(Exercise data):

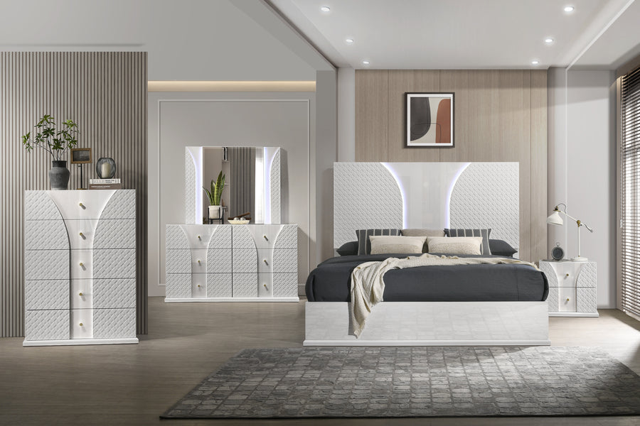 This Set includes King/Queen Bed, Dresser, Mirror, 1 Nightstand.
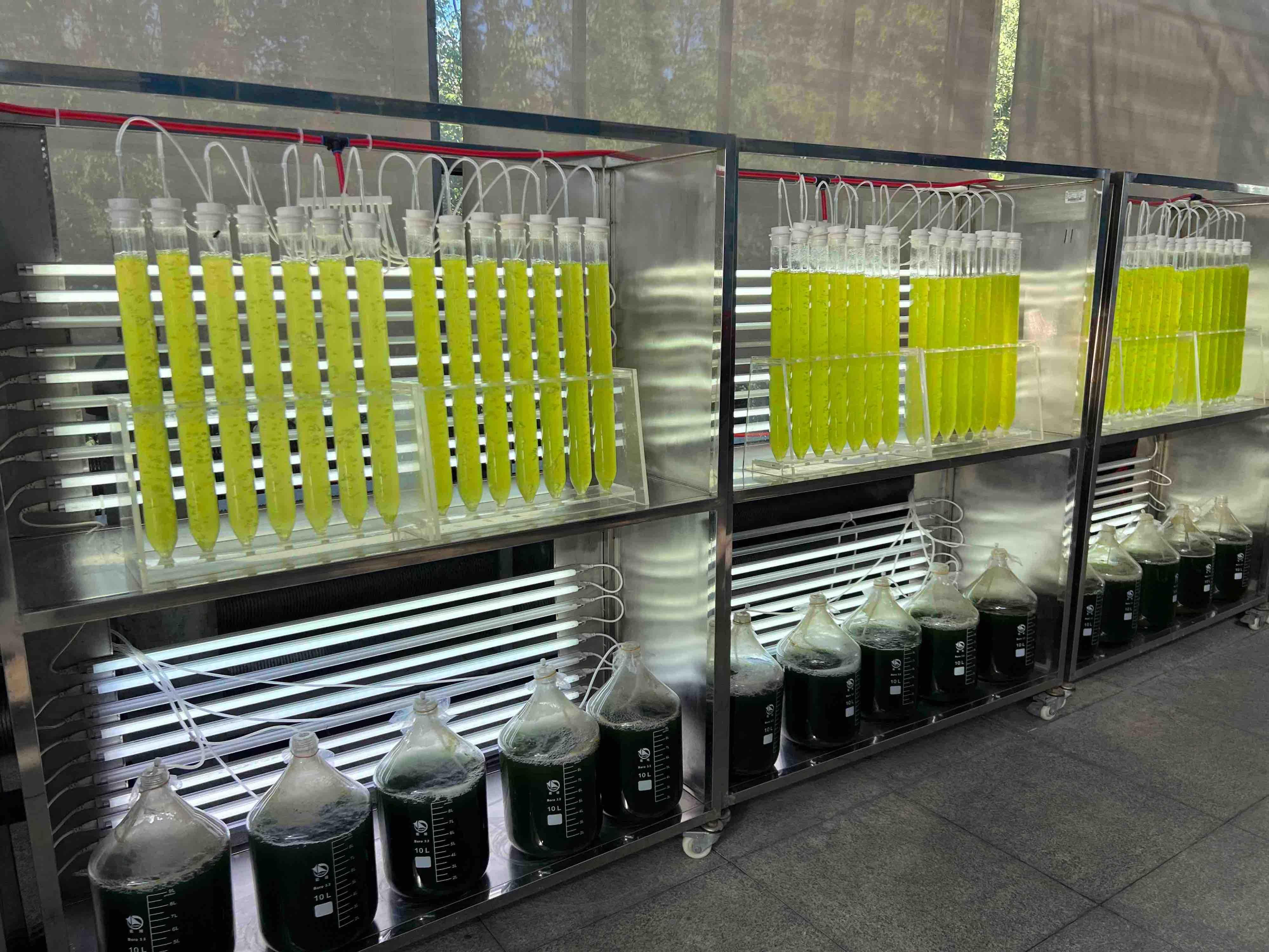 尹文越说,除了植物固碳,还有微藻固碳。在实验室的微藻固碳区,科研人员成功进行了螺旋藻、栅藻等微藻的养殖试验。2023年,新疆庆华与新疆师范大学沙漠藻研究院合作,做沙漠藻的养殖实验工作。沙漠藻可以用于盐碱地改良和提质增效,目前新疆庆华正在做大面积的盐碱地改良和肥效实验。
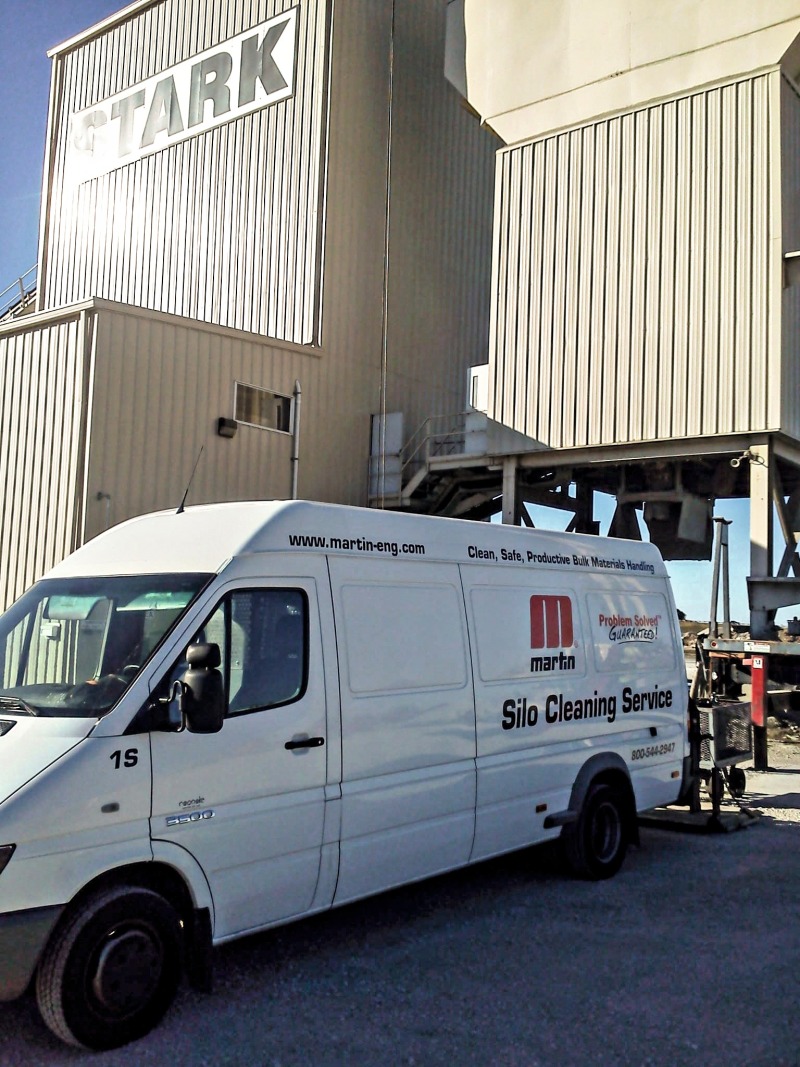 A ready-mix concrete plant in the Midwestern United States has resolved material build-up issues in three storage silos where accumulation had slowed production and increased internal pressures, eventually damaging the vessel walls and forcing a shutdown. By enlisting the services of a professional silo-cleaning crew from Martin Engineering (Neponset, IL), the Commercial Acres RMC facility owned by Stark Excavating was able to have all three silos safely emptied and ready for repair in just ten working hours, without confined space entry.
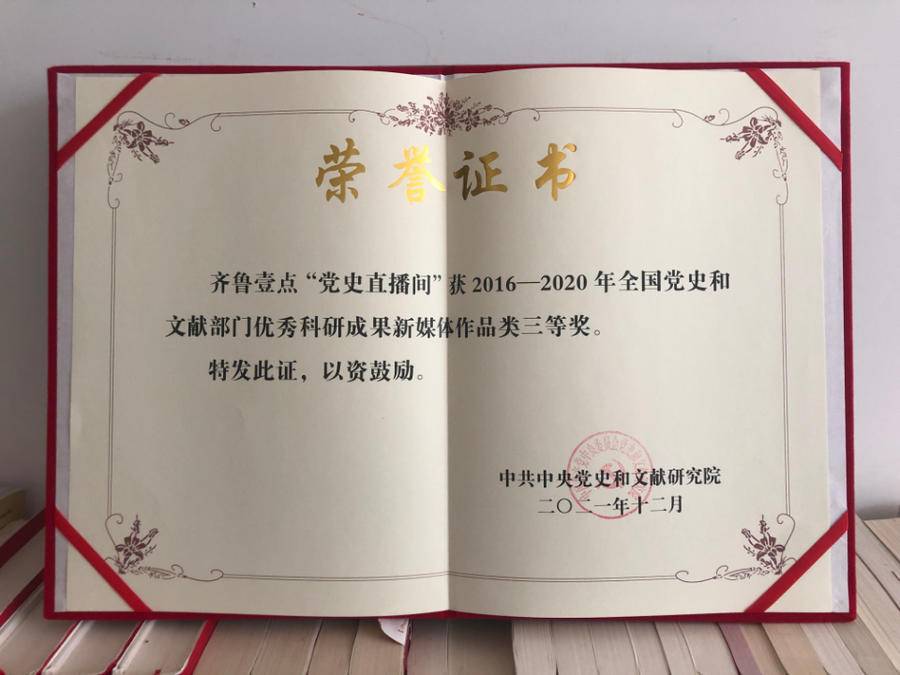 中央党史和文献研究院近日发布《关于表彰2016—2020年全国党史和文献部门优秀科研成果的决定》,齐鲁壹点“党史直播间”在“新媒体”类评选中获奖。
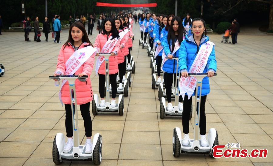 School beauties from over 20 Chinese universities ride two-wheeled scooters during a competition in Changsha, Hunan province on November 26, 2014. The event was held to promote low-carbon choices of transportation. [Photo/ Yang Huafeng]
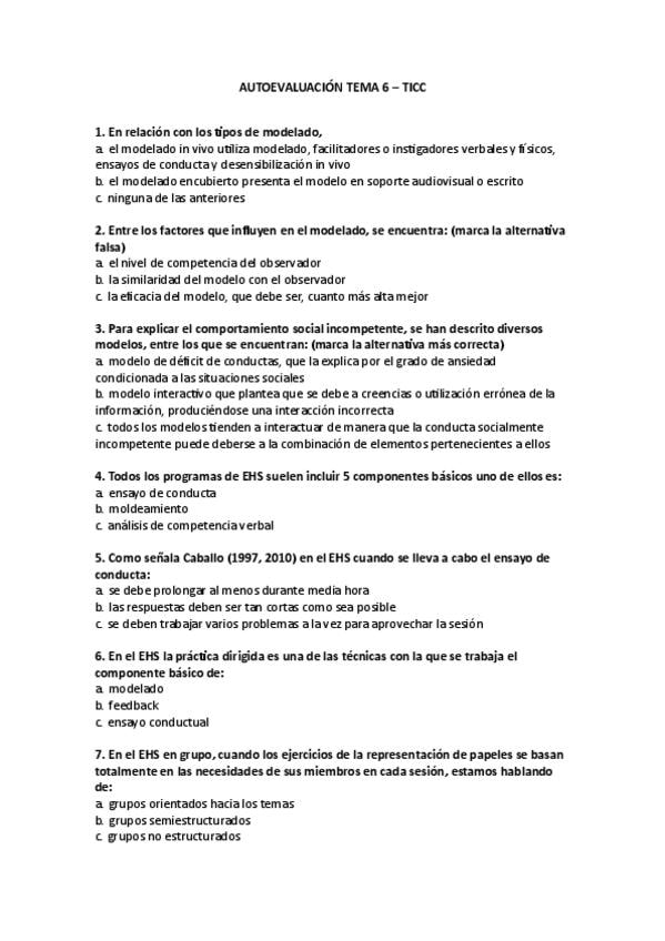 Autoevaluación Tema 6 del campus online con sus correspondientes respuestas correctas.

(What to do): Nothing but the lines from the line with "中央党史和文献研究院近日发布" through the last line of the data above should be printed, exactly as written and without pictures.

(Exercise output):
 中央党史和文献研究院近日发布《关于表彰2016—2020年全国党史和文献部门优秀科研成果的决定》,齐鲁壹点“党史直播间”在“新媒体”类评选中获奖。
 School beauties from over 20 Chinese universities ride two-wheeled scooters during a competition in Changsha, Hunan province on November 26, 2014. The event was held to promote low-carbon choices of transportation. [Photo/ Yang Huafeng]
 Autoevaluación Tema 6 del campus online con sus correspondientes respuestas correctas.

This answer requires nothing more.